▶ **RAW DATA**:
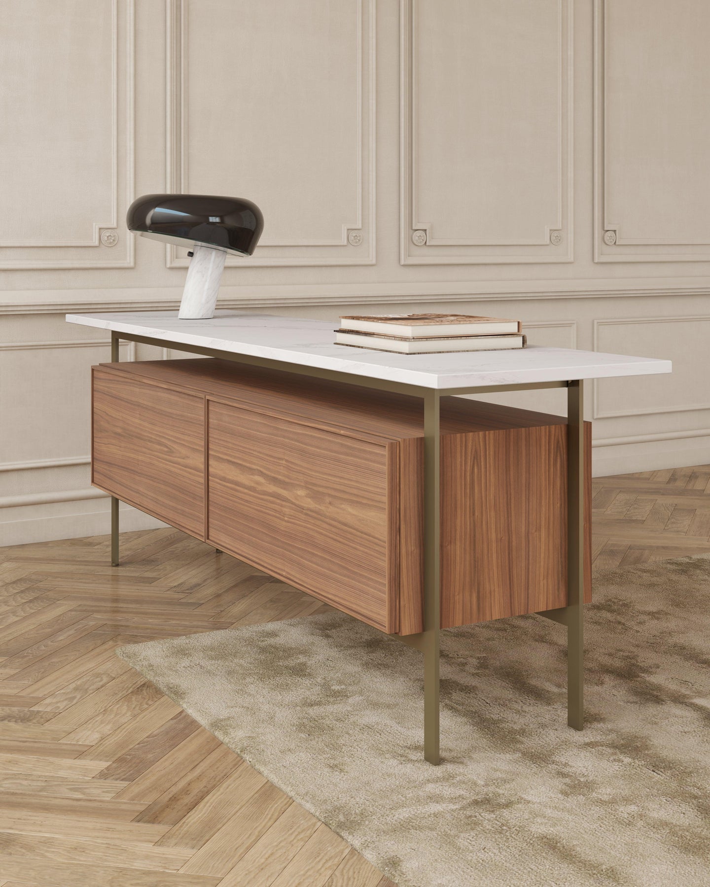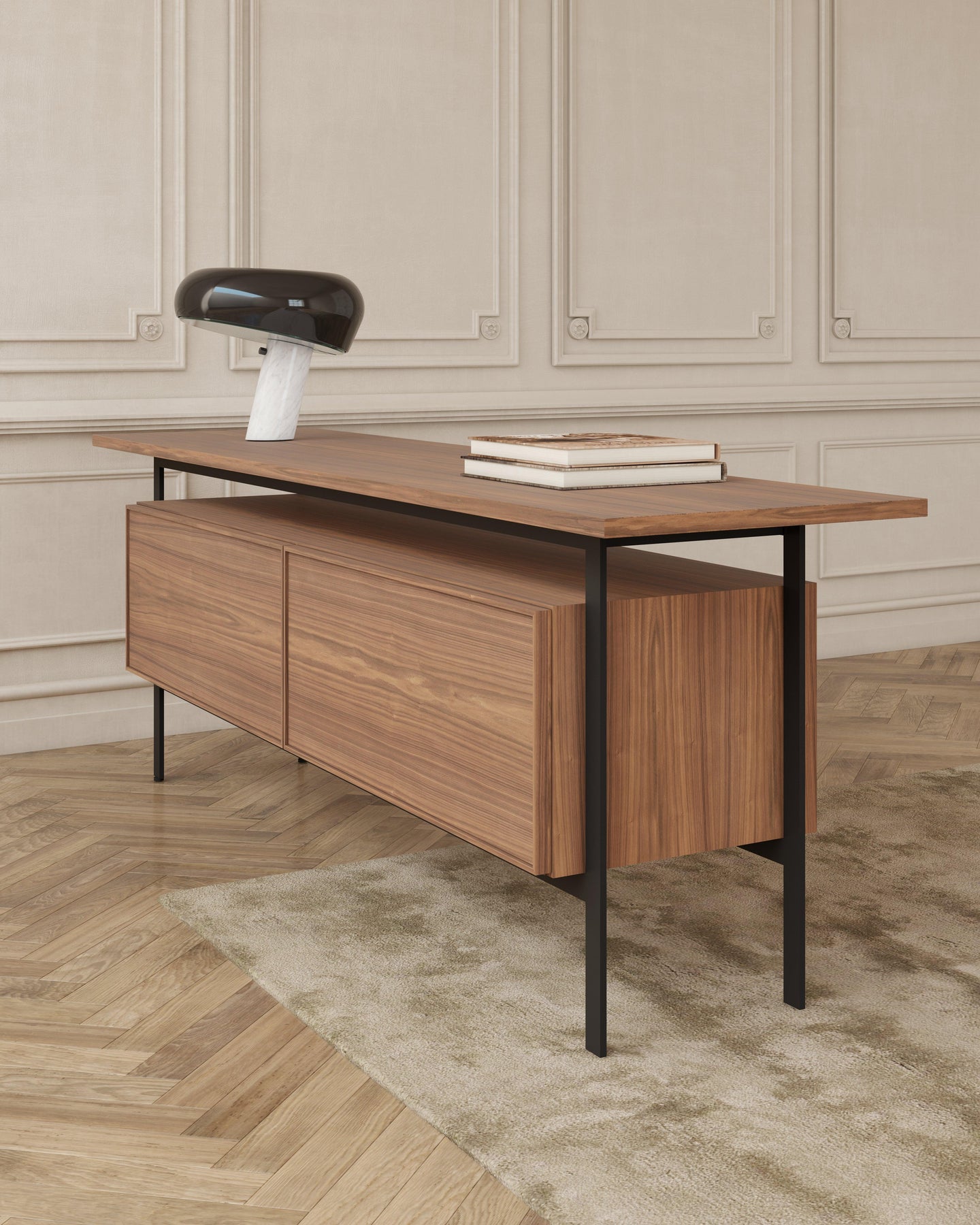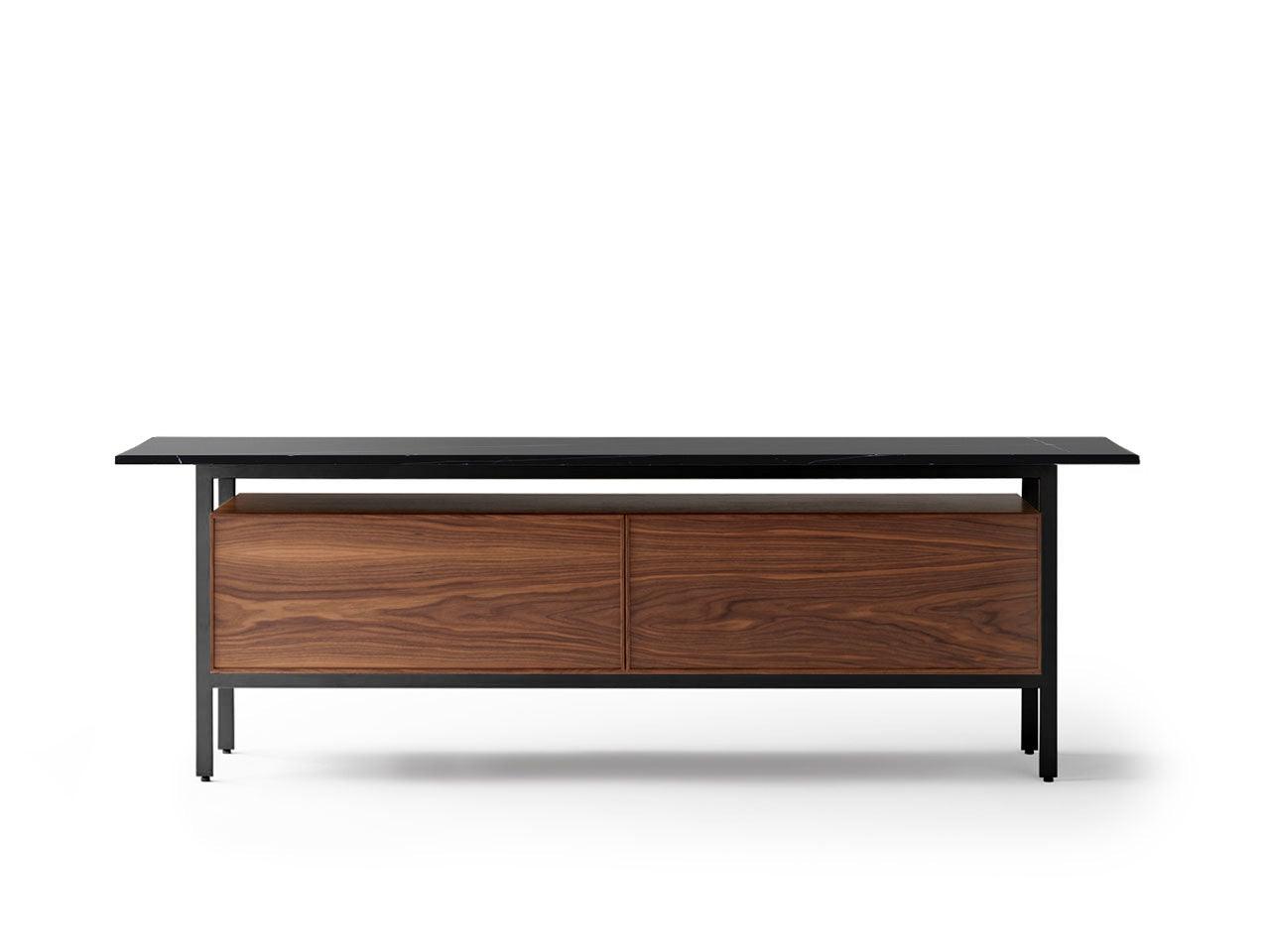 The Chicago Wood Doors Sideboard by Punt Mobles pays homage to the iconic modernist architecture of the mid-century period. Emulating unobstructed repetitive building techniques, this piece exudes a light and floating appearance that feels like a piece of modern architecture in your living space. Crafted with sturdy steel construction, it provides reliable stability, while the floating wooden cabinet imparts an enhanced spatial impression. The tabletop, acting like a floating roof with its extended eaves, completes the minimalistic framework that beautifully combines three natural materials—wood, steel, and stone.
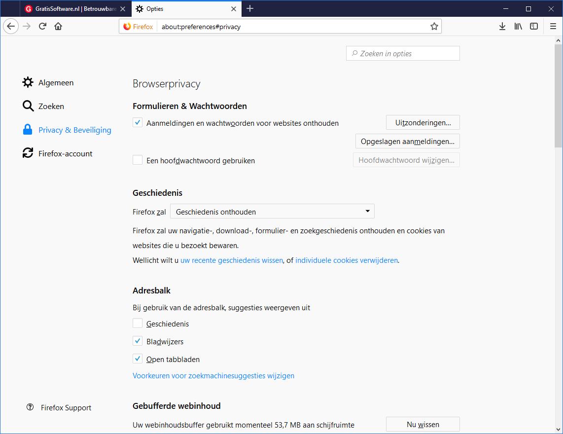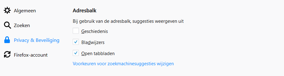 Ook kun je hier kiezen welke suggesties Firefox in de adresbalk mag geven (automatisch aanvullen van urls). Als je bijvoorbeeld niet wilt dat die uit je surfgeschiedenis komen dan kun je dit uitvinken:
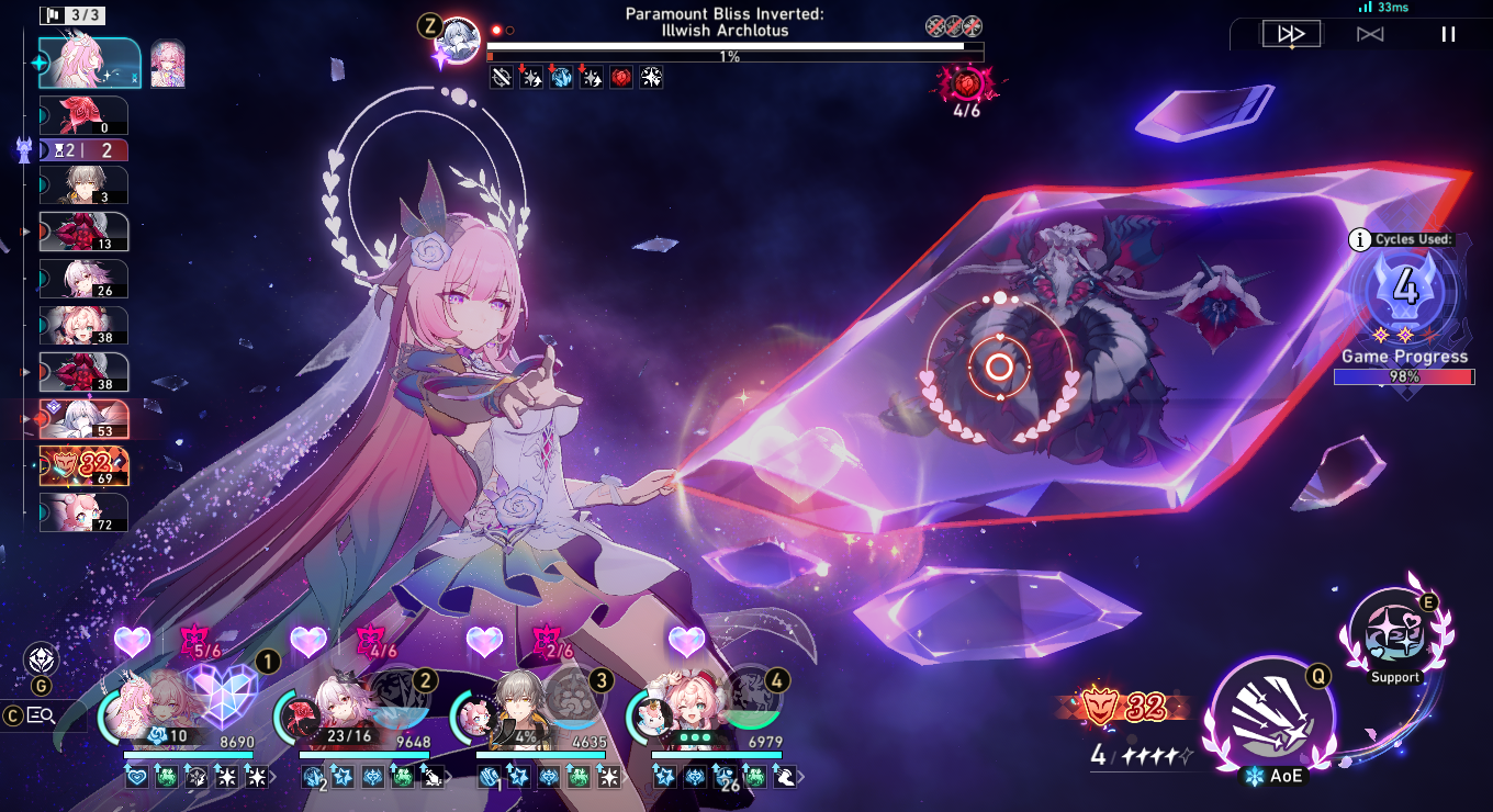 It has come to my attention that E6 Hyacine is so hilariously overtuned that she's actually more optimal in CW, doing billions by her third turn.
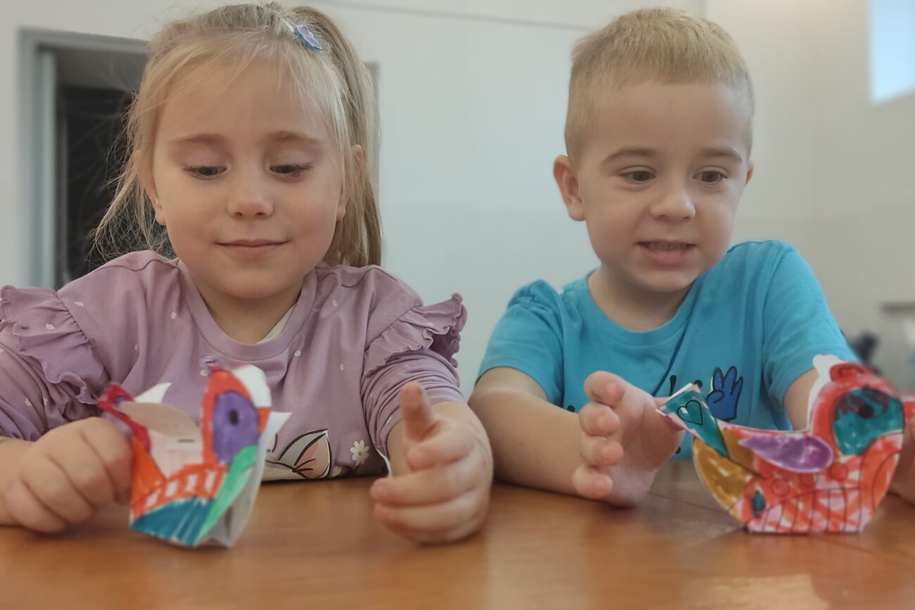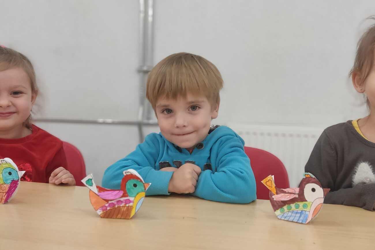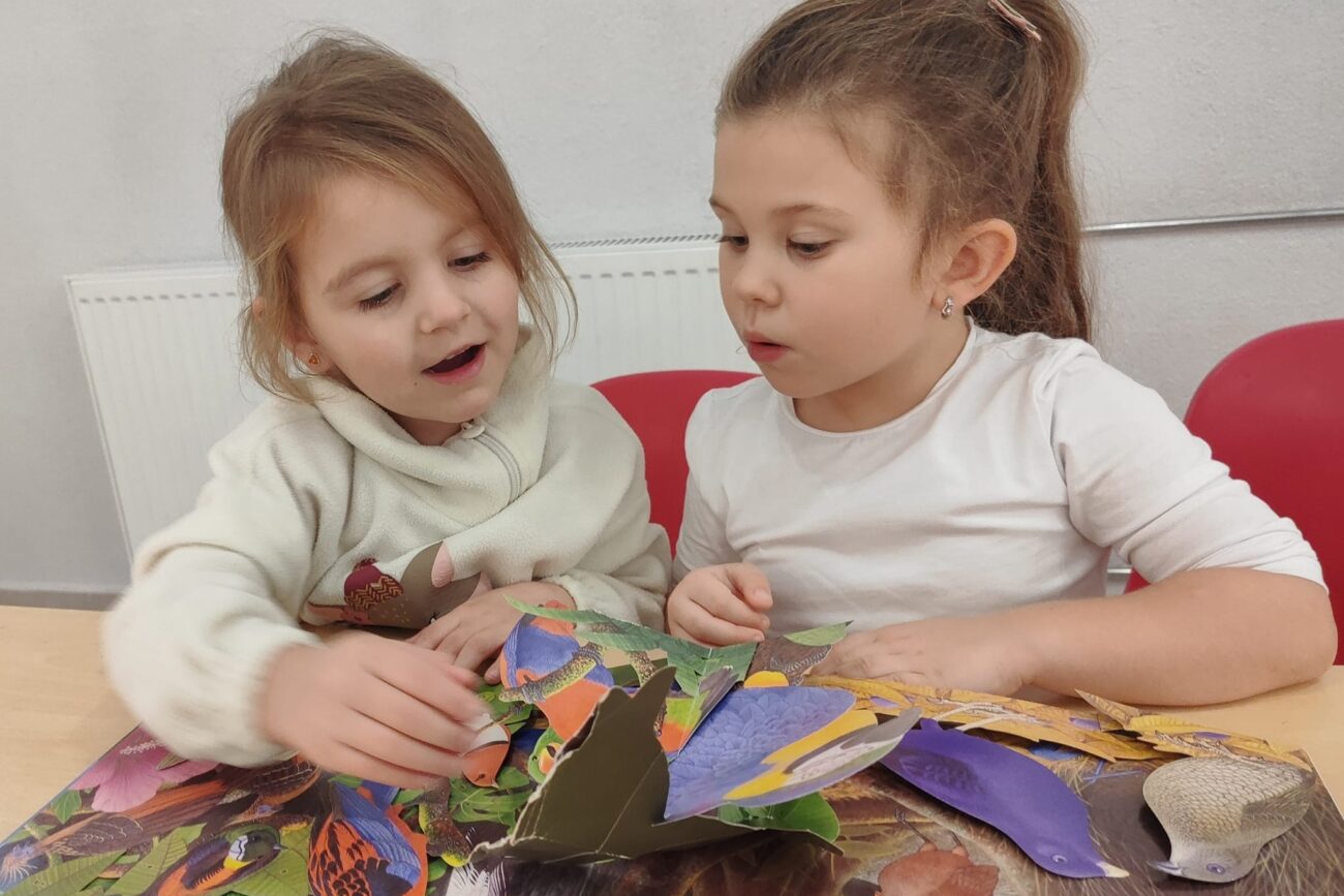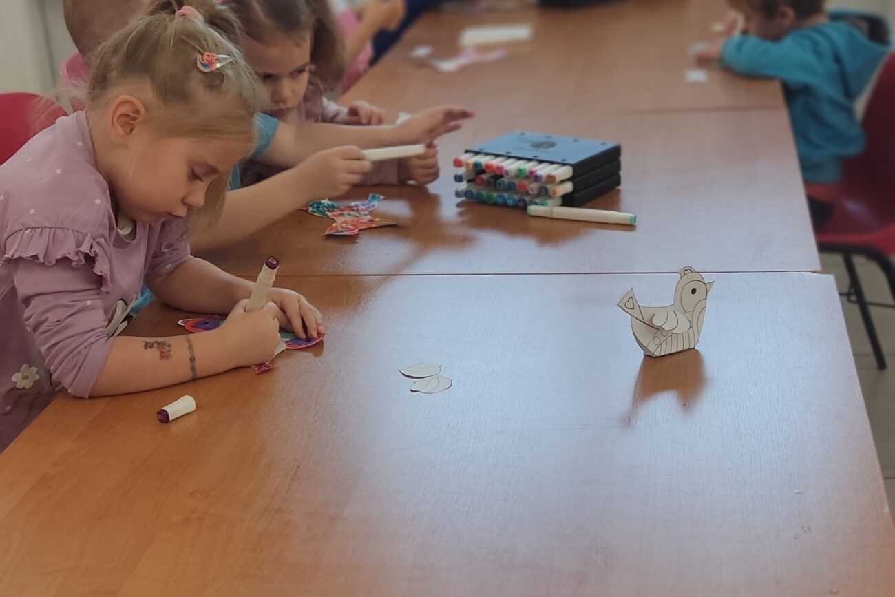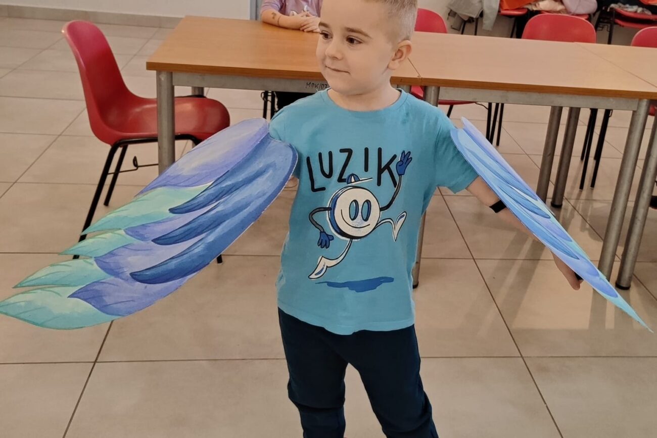 Na warsztatach dowiedziały się jakie ptaki odlatują do ciepłych krajów. Wysłuchały ciekawej bajki, odgadywały ptasie zagadki oraz miały okazję same poczuć się jak ptaki dzięki pięknym skrzydłom. Na koniec wykonały pracę plastyczną.

▶ **AIM OF THE TASK**: Pictures aside, reproduce all of the data exactly.

▶ **EXERCISE RESPONSE**:
 The Chicago Wood Doors Sideboard by Punt Mobles pays homage to the iconic modernist architecture of the mid-century period. Emulating unobstructed repetitive building techniques, this piece exudes a light and floating appearance that feels like a piece of modern architecture in your living space. Crafted with sturdy steel construction, it provides reliable stability, while the floating wooden cabinet imparts an enhanced spatial impression. The tabletop, acting like a floating roof with its extended eaves, completes the minimalistic framework that beautifully combines three natural materials—wood, steel, and stone.
 Ook kun je hier kiezen welke suggesties Firefox in de adresbalk mag geven (automatisch aanvullen van urls). Als je bijvoorbeeld niet wilt dat die uit je surfgeschiedenis komen dan kun je dit uitvinken:
 It has come to my attention that E6 Hyacine is so hilariously overtuned that she's actually more optimal in CW, doing billions by her third turn.
 Na warsztatach dowiedziały się jakie ptaki odlatują do ciepłych krajów. Wysłuchały ciekawej bajki, odgadywały ptasie zagadki oraz miały okazję same poczuć się jak ptaki dzięki pięknym skrzydłom. Na koniec wykonały pracę plastyczną.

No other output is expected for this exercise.